HickersonMurphy-Key files, lot 58 D 33, “Membership”

Memorandum by the Deputy Assistant Secretary of State for United Nations Affairs (Wainhouse) to the Deputy Under Secretary of State (Murphy)1

confidential
  • Subject:
  • United Nations Membership Question

Background

Ambassador Lodge has informed us (Tab A)2 that Belaunde of Peru, Chairman of a General Assembly Committee to explore prospects for breaking the membership deadlock in the UN, indicated to him at Caracas that if we would consent to the admission of Bulgaria, Hungary, and Rumania, it might be possible to make an advantageous arrangement as regards the admission of other countries. Ambassador Lodge asks whether the Department proposes to adhere without deviation to the policy of the previous Administration on this matter (i.e., no package deal). He is “inclined to hope that this would not be the case,” and says that the Secretary clearly inferred to him “that he might not be averse to a deal which could be really advantageous to the United States in securing the admission of a substantial number of free states in exchange for the admission of a few communist ones.”

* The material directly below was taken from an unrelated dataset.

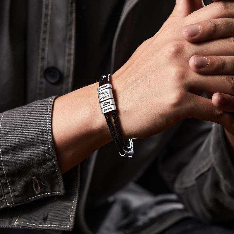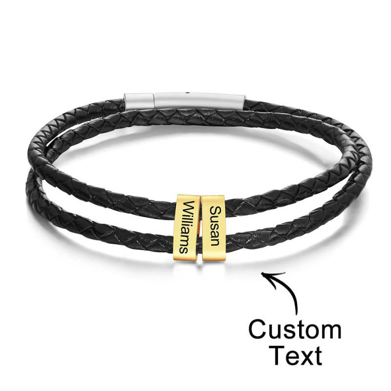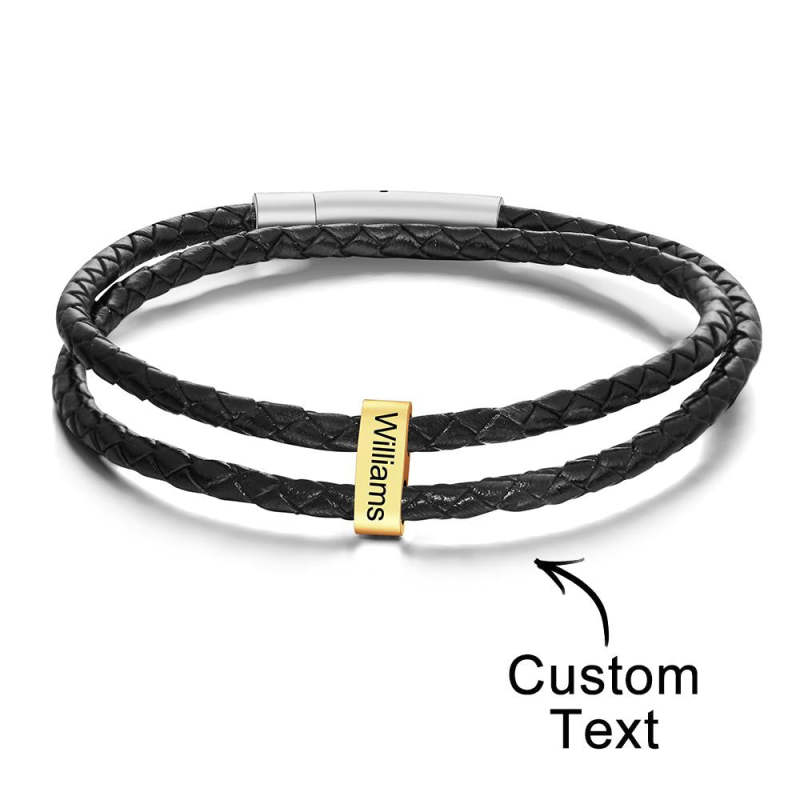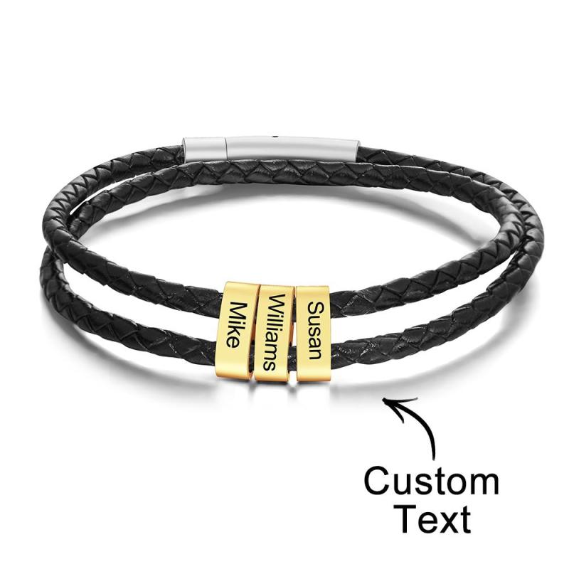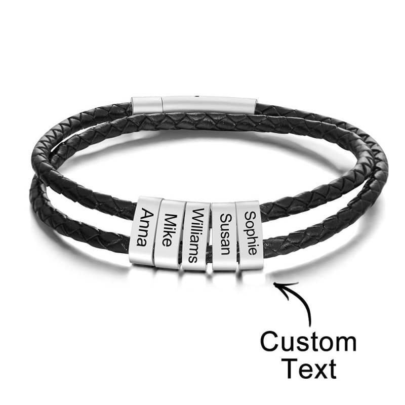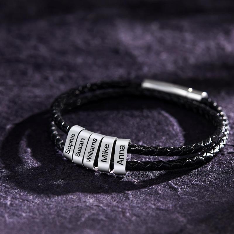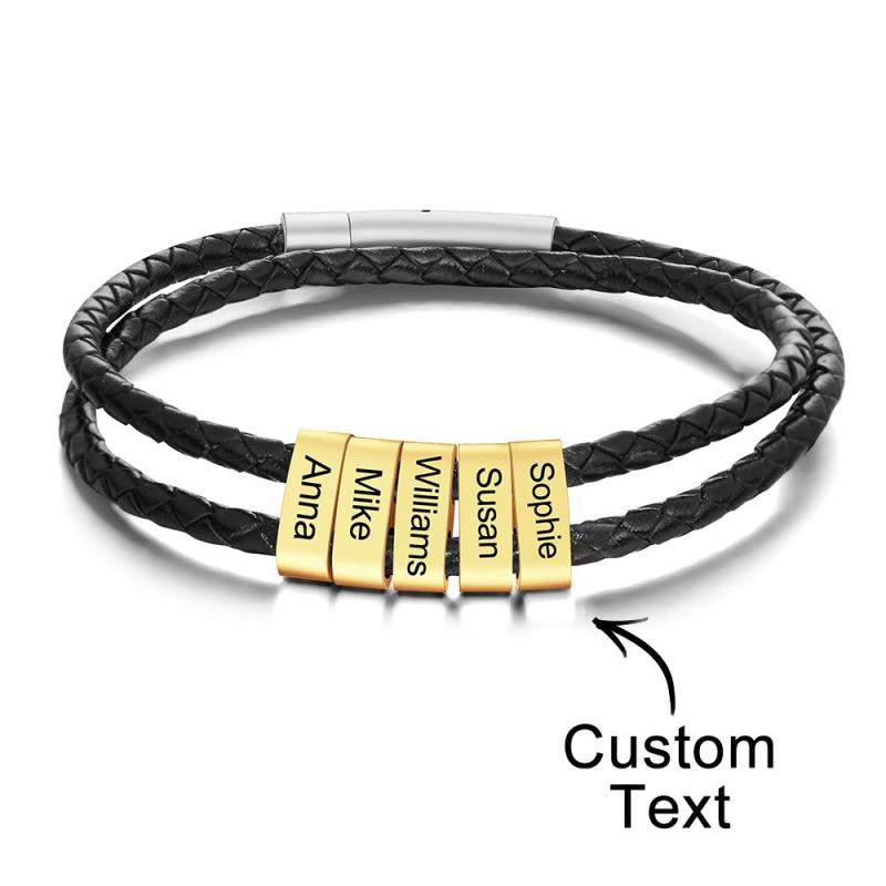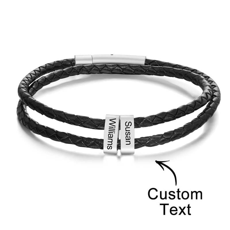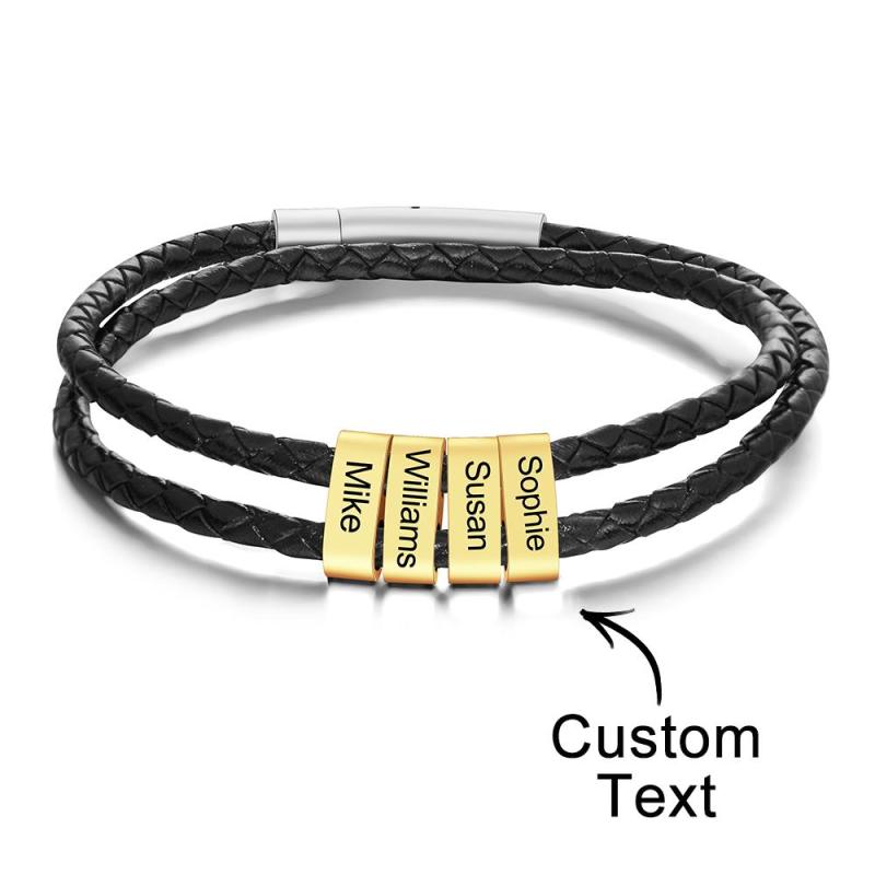 Benutzerdefinierte Gravierte Armband Perlen Geflochtene Leder Herrengeschenke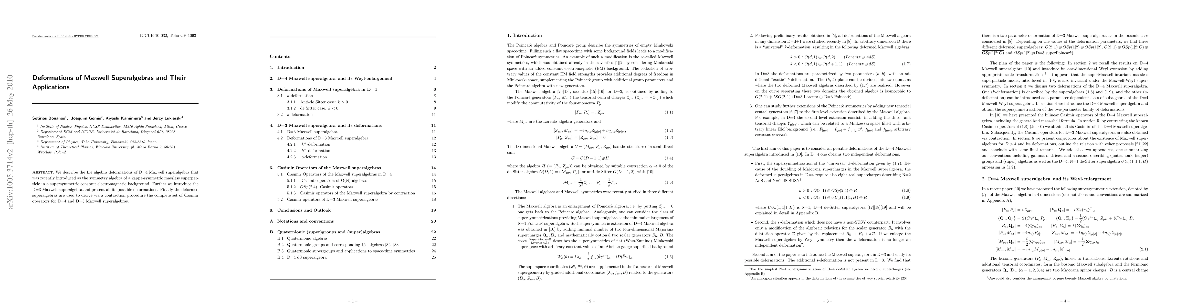 We describe the Lie algebra deformations of D=4 Maxwell superalgebra that was recently introduced as the symmetry algebra of a kappa-symmetric massless superparticle in a supersymmetric constant electromagnetic background. Further we introduce the D=3 Maxwell superalgebra and present all its possible deformations. Finally the deformed superalgebras are used to derive via a contraction procedure the complete set of Casimir operators for D=4 and D=3 Maxwell superalgebras.

If we decide to accept a political settlement on membership, one possibility might be to agree to admit three of the Soviet applicants (Bulgaria, Hungary, and Rumania) in return for Soviet agreement to admit ten of the non-Soviet applicants (Austria, Ceylon, Finland, Ireland, Italy, Japan, Jordan, Libya, Nepal and Portugal). This arrangement would not provide for four present applicants we favor (Republic of Korea and the three Indo-China States), or for future applicants like Germany or Spain. However, it would be more advantageous to us than the Soviet package of five Soviet applicants (including Albania and Outer Mongolia in addition to Bulgaria, Hungary and Rumania) and nine non-Soviet applicants (excluding Japan as well as the Republic of Korea and the three states of Indo-China).

[Page 989]

Questions for Consideration

In considering an answer to Ambassador Lodge, the main questions which require reexamination are:

1.
If we agreed to admit Soviet candidates despite their conduct, would it be harder to keep out the Chinese Communists?3
2.
How serious would public and Congressional opposition be to the admission of Soviet candidates as part of a deal?
3.
If Soviet candidates were admitted, would serious difficulties arise because article 4 of the Charter says that membership is open to “peace-loving states” which are “able and willing to carry out their Charter obligations?
4.
Would the admission of Soviet candidates dignify the puppet regimes and discourage opposition elements in these countries, or would new contacts through the UN between the free world and the satellites be helpful to us?
5.
Would a settlement along the lines outlined above materially increase obstructive capacities of the Soviet bloc and increase our difficulties in obtaining free-world majorities?
6.
If we proposed a deal which the Soviets refused, could we then, without having to use the veto, prevent adoption of the Soviet package proposal or a “compromise” proposal unacceptable to us?
7.
Is there some other arrangement on which agreement might be reached which would be preferable to the one outlined above? For instance, would it be better to have a larger package which, in addition to the candidates suggested above, included Albania in return for Soviet agreement to include Spain (which has not yet applied)?
8.
Should we propose as a part of a deal that the permanent members agree not to use the veto in future cases? Should we also try to get a guarantee that Germany, Korea and the three states of Indo-China will eventually be admitted?
9.
Might this question be discussed with the U.S.S.R. during or after the Korean Political Conference, or should it be handled exclusively through Belaunde and his Good Offices Committee (Peru, Netherlands and Egypt)?

Recommendation

That you call a meeting of Assistant Secretaries to discuss these questions. Ambassador Lodge is anxious for instructions before April 1, when Belaunde arrives in New York.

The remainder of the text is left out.